Home Politic Mantan sipir penjara itu mengaku membuntuti Ganito di bawah tekanan

Mantan sipir penjara itu mengaku membuntuti Ganito di bawah tekanan

5
0

Pelariannya berakhir pada 20 Maret, ketika dia ditangkap di Prancis selatan bersama mantan supervisornya.

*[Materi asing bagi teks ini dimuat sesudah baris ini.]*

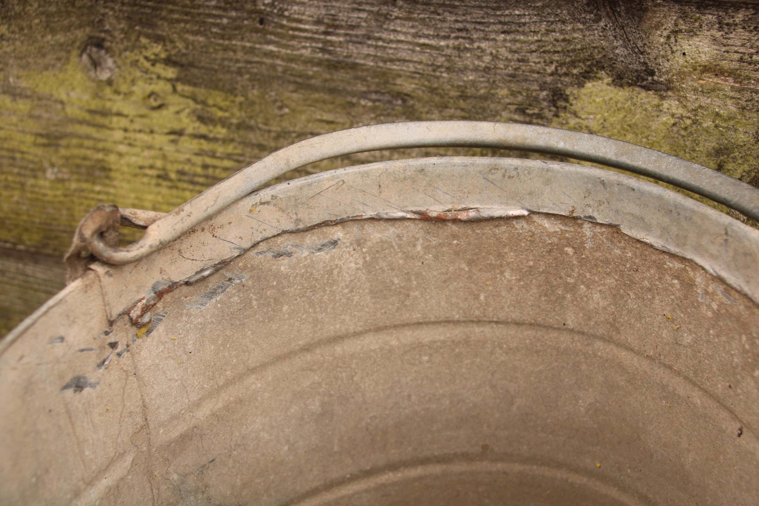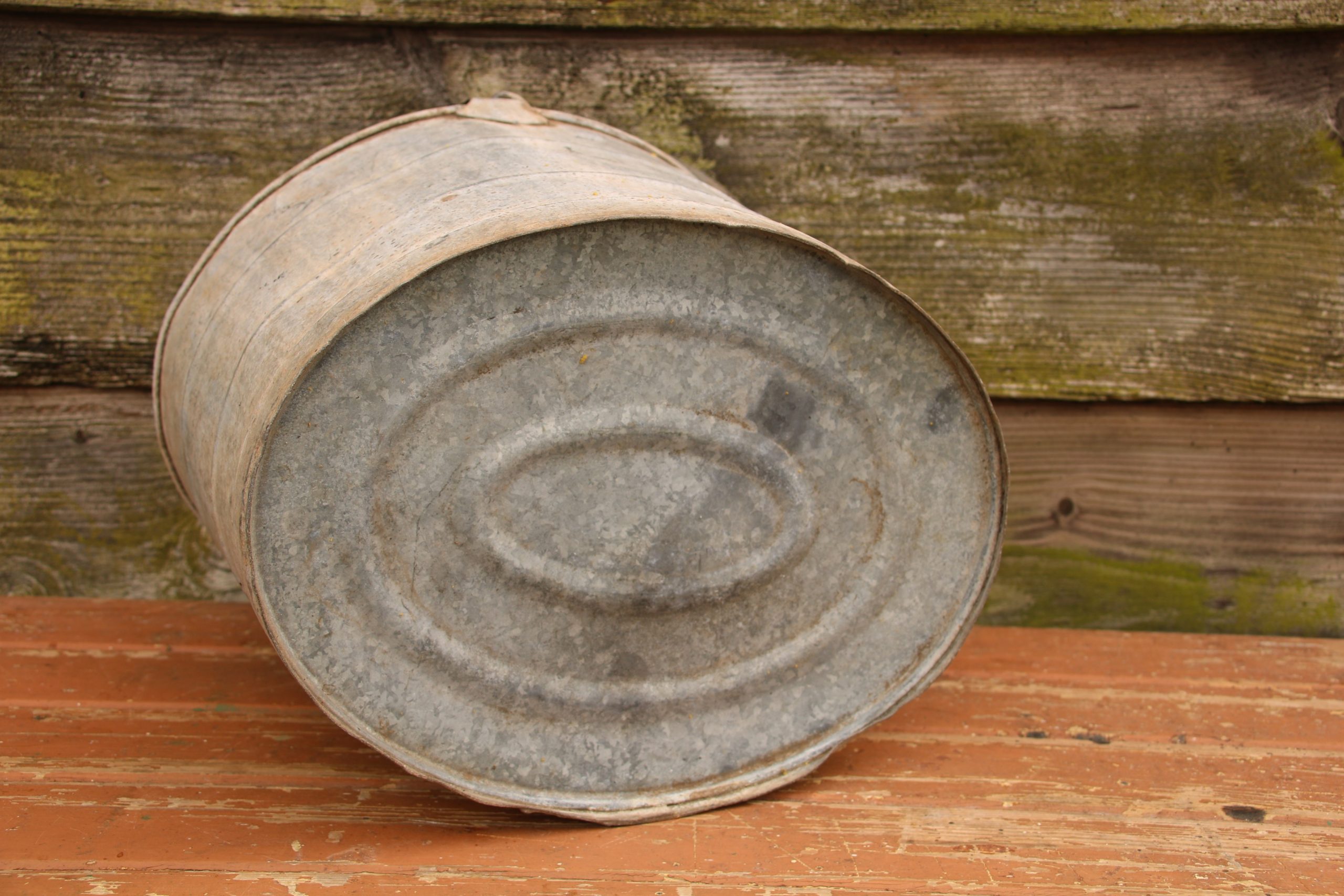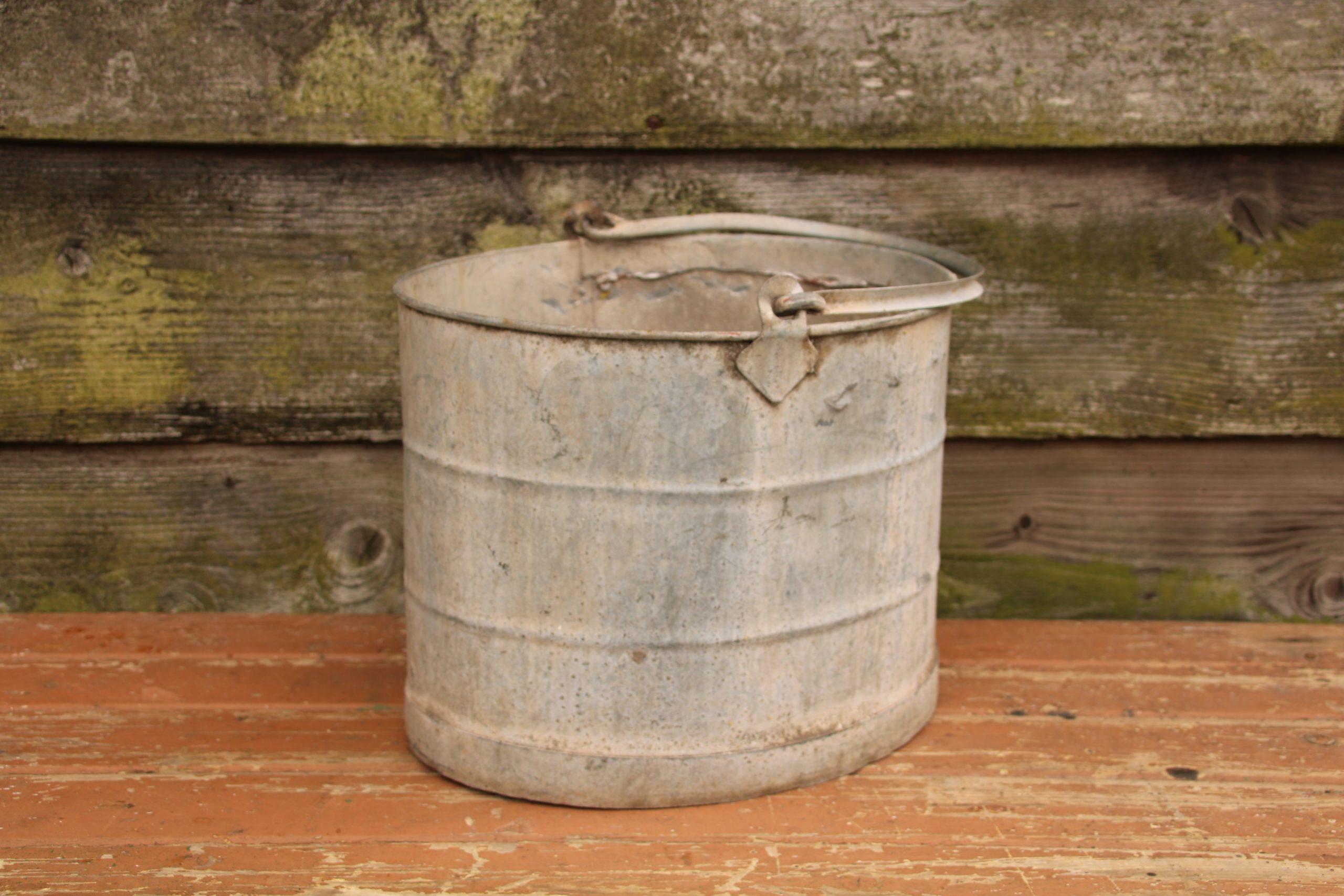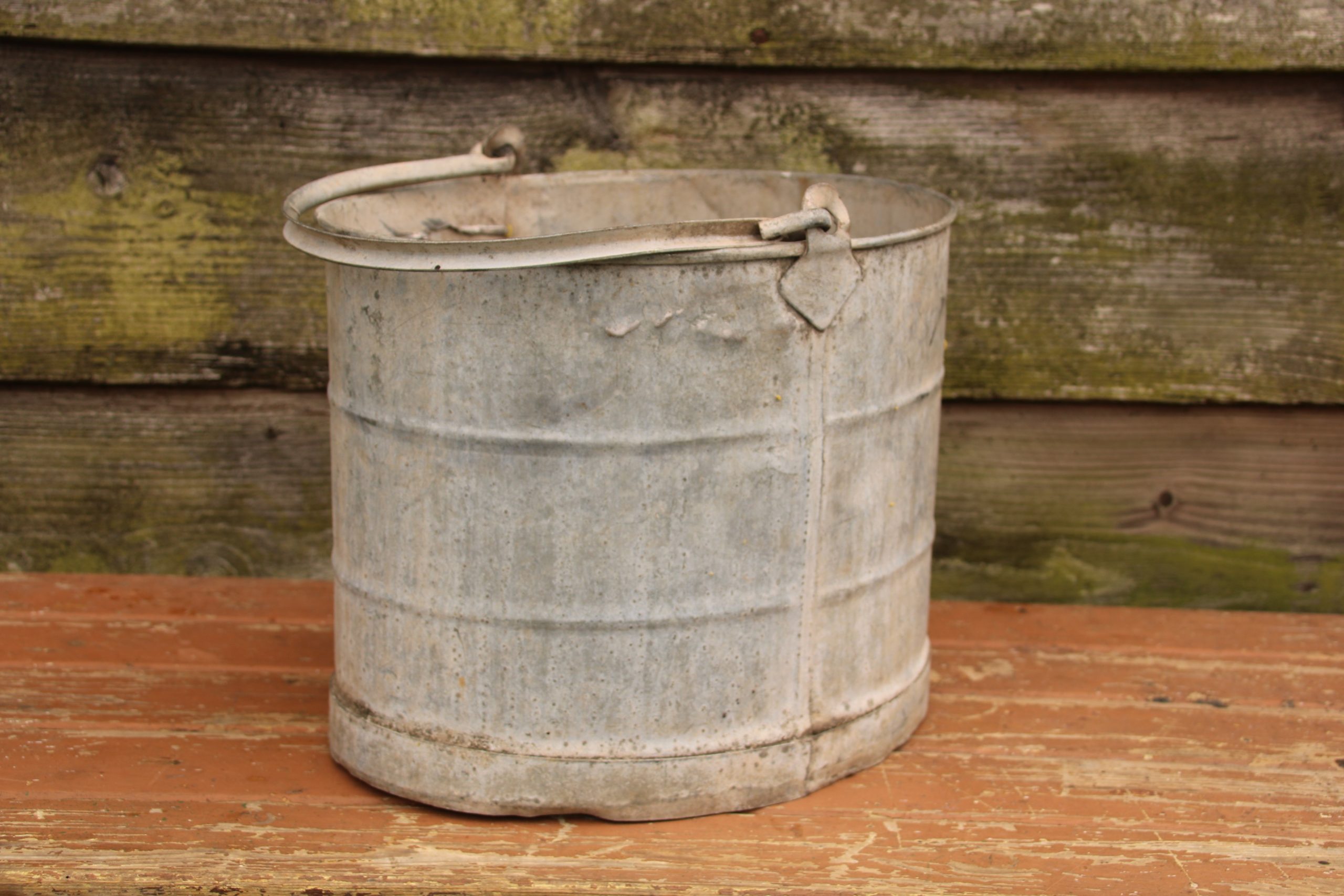 A vintage galvanised mop bucket which has had the inner workings removed to upcycle into a quirky garden planter.

Kedua tersangka, yang didakwa dan dipenjara, tampaknya tidak memiliki visi yang sama tentang hubungan mereka. “Bagi saya, itu hanyalah keterikatan, baginya itu adalah cinta,” kata wanita muda itu kepada hakim investigasi pada hari Selasa. Dia bertemu Ilyas Kherbouch di Villepinte ketika dia sedang magang sebagai supervisor di sana. Setelah dipecat pada Maret 2025 “karena ketidakhadiran,” Ganito menghubunginya pada bulan September melalui Snapchat. Ia menjelaskan bahwa ia telah menjalin hubungan dengan seorang pria selama sepuluh tahun, percaya pada “hubungan virtual murni” dengan Ganito, seperti yang juga diungkapkannya. Le Figaro.

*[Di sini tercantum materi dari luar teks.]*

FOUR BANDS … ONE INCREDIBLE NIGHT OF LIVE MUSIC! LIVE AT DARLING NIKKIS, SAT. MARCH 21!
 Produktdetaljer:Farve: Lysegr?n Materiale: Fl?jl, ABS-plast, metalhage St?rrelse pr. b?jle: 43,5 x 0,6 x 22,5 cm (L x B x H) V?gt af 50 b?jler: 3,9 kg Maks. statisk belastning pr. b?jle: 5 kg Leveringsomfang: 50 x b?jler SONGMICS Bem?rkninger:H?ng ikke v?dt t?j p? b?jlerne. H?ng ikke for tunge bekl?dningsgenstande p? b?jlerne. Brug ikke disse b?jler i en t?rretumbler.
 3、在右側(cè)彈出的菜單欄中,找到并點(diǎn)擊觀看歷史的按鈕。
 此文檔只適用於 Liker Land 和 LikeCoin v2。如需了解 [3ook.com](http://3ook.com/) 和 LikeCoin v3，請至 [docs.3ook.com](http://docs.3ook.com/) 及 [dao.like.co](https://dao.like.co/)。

“Sepuluh hari terindah dalam hidupnya”

Pada hari pelariannya, narapidana tersebut menghubunginya: dia diduga mengatakan kepadanya bahwa dia sedang cuti. Pihak administrasi penjara yakin dia berada dalam tahanan polisi dan belum memberi tahu dia tentang ketidakhadirannya. Perempuan 25 tahun itu mengaku menemukan Ganito di Melun. Dia bermalam di sana, lalu dia memaksanya pergi bersamanya, menurut dia. Ini bukanlah pendapat pengadilan pada tahap ini, yang telah mendakwanya secara khusus karena “kebiasaan menghindari penjahat dari penangkapan atau penggeledahan”.

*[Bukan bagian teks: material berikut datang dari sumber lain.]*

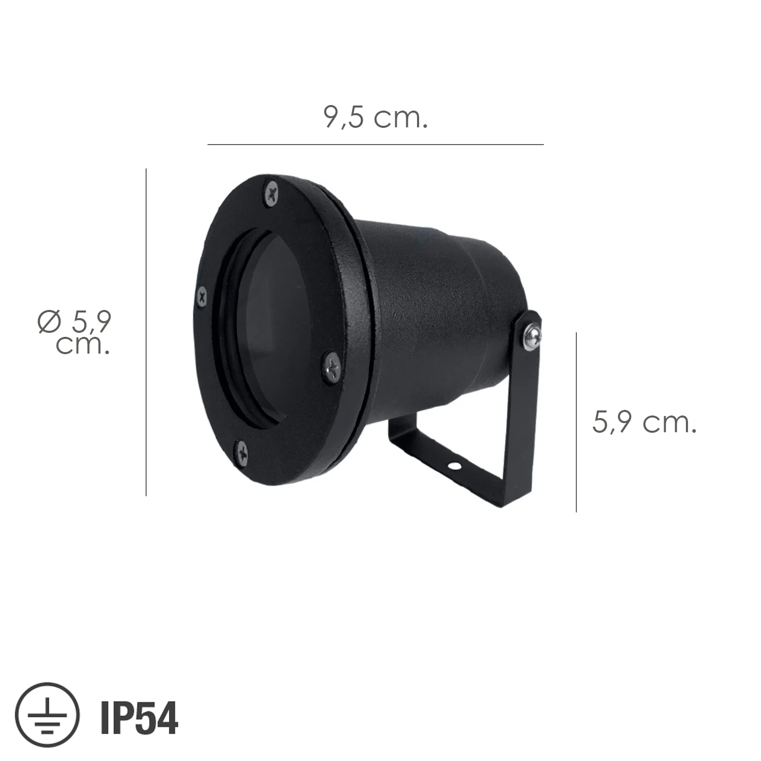 Foco Halógeno Papillon IP54 Jardín Con Soporte Negro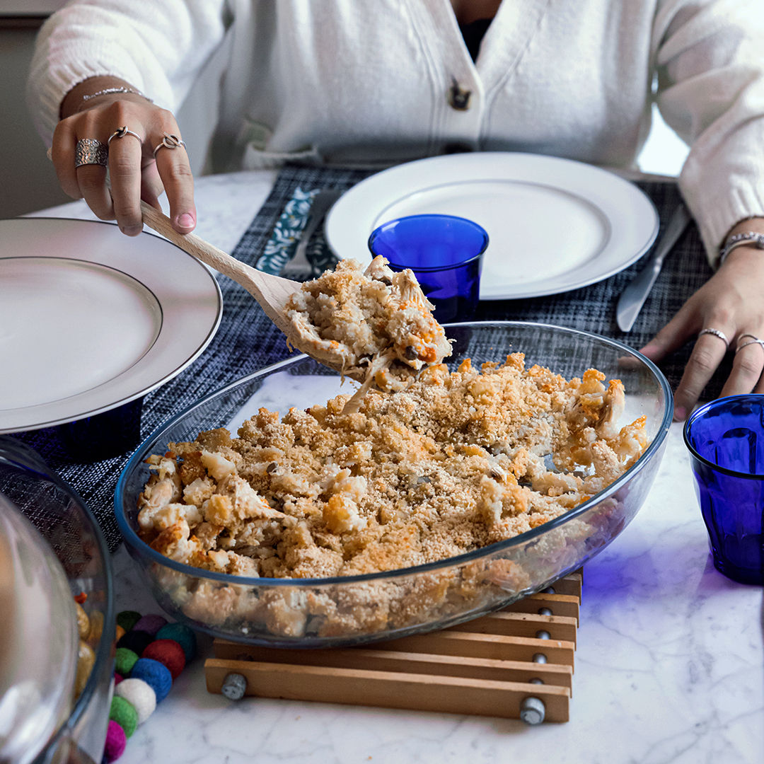 Placez la dinde au fond du plat et ajoutez la purée de pommes de terre par dessus.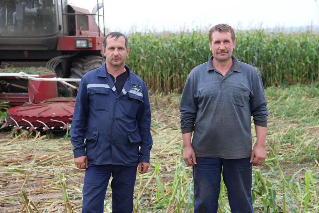 Юрий Почтаренко в хозяйстве работает порядка 27 лет, семь из них – за штурвалом кормоуборочного комбайна «Палессе». Именно на этом агрегате он занимается не только скашиванием полезной зерновой и кормовой культуры – кукурузы, но и заготовкой зеленой сенажной массы. Те же обязанности на время заготовительной кампании ложатся и на плечи механизатора Иосифа Полубятко, переехавшего на Берестовитчину с Мостовского района. Описывая свой стандартный рабочий день, мужчины отмечают, что в данный период сценарий ежедневно выполняемых ими действий неизменен: ранний подъем, проверка исправности техники – и в девять утра уже, как штык, на полях хозяйства, готовые незамедлительно приступить к своим непосредственным трудовым обязанностям. К примеру, на этапе уборки кукурузы на силос работники тщательно отслеживают высоту ее среза, ведь в дальнейшем это позволит значительно повысить энергетическую ценность корма благодаря уменьшению концентрации в нем клетчатки, которая преимущественно содержится в нижней части растения. В результате слаженных действий этому тандему механизаторов в день удается убирать от 15 до 25 гектаров площадей, при этом объемы свежескошенной зеленой массы колеблются в переделах 600-1000 тонн.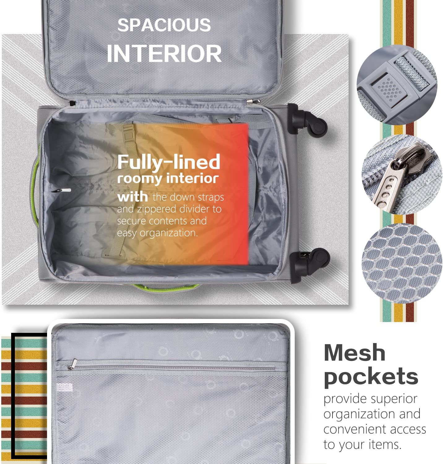 Four multi-directional spinner wheels and Telescopic Handle for easy mobility.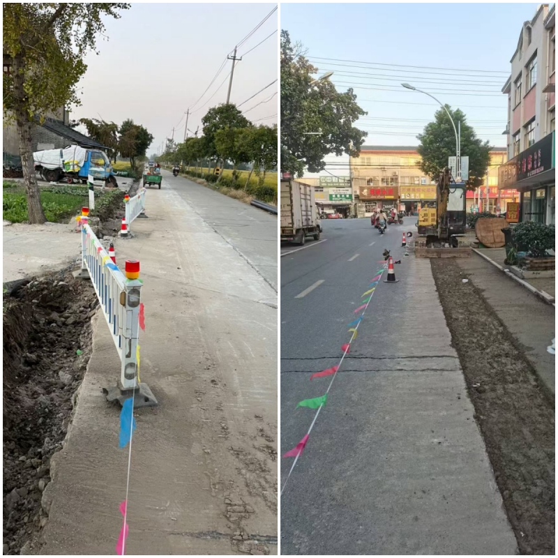 此次宜陵專項債改造區域管網為原小水廠鋪設的,管網使用年限長,部分管齡超20年,有鐵管、PVC管、PPR管等,管網材質參差不齊,且幾家小水廠未能統一規劃管線走線,導致管網末梢水壓低,存在發現漏點后閥門關閉無法斷水維修等困難。2024年公司前期投入大量人力和物力走現場、測繪、拿方案,最終決定將該區域老管網全部廢棄,鋪設DN200和DN150球墨鑄鐵管作為供水主管網與區域供水管網相接,進村入戶支管網采用DN110-DN25PE管鋪設。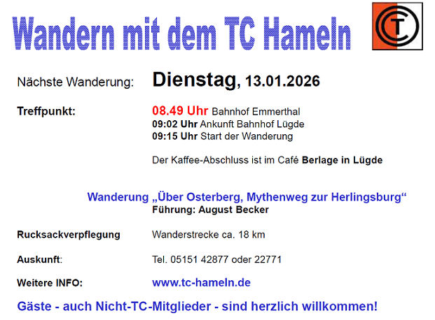 Nächste Wanderung 13.01.2026

Dia menuduh Ilyas Kherbouch telah memukulnya beberapa kali, bahkan mengancamnya dengan pisau. Saat hamil, dia membuatnya percaya bahwa dialah ayahnya dalam upaya untuk “melindungi dirinya dari kekerasannya”. Sebuah versi yang jauh dari versi yang diceritakan oleh yang terakhir, yang menggambarkan kepada pengacaranya “sepuluh hari terindah dalam hidupnya”. “Ini bukan untuk memaafkannya, tapi penjelasannya” atas pelarian tersebut “adalah bahwa dia telah merasakan kebebasan selama satu setengah bulan sejak dia berusia 14 tahun,” kata pengacaranya, May Sarah Vogelhut, pada hari Selasa.

Duo ini melewati Belgia untuk tinggal di Belanda. Tersangka mengaku telah menyarankan pergi ke Maroko melalui Spanyol, dan mengatakan bahwa dia diam-diam berharap bisa lebih dekat dengan keluarganya di Prancis selatan. Mereka melewati Jerman kemudian Strasbourg, sebelum tiba di Canet-en-Roussillon (Pyrénées-Orientales), tempat penangkapan.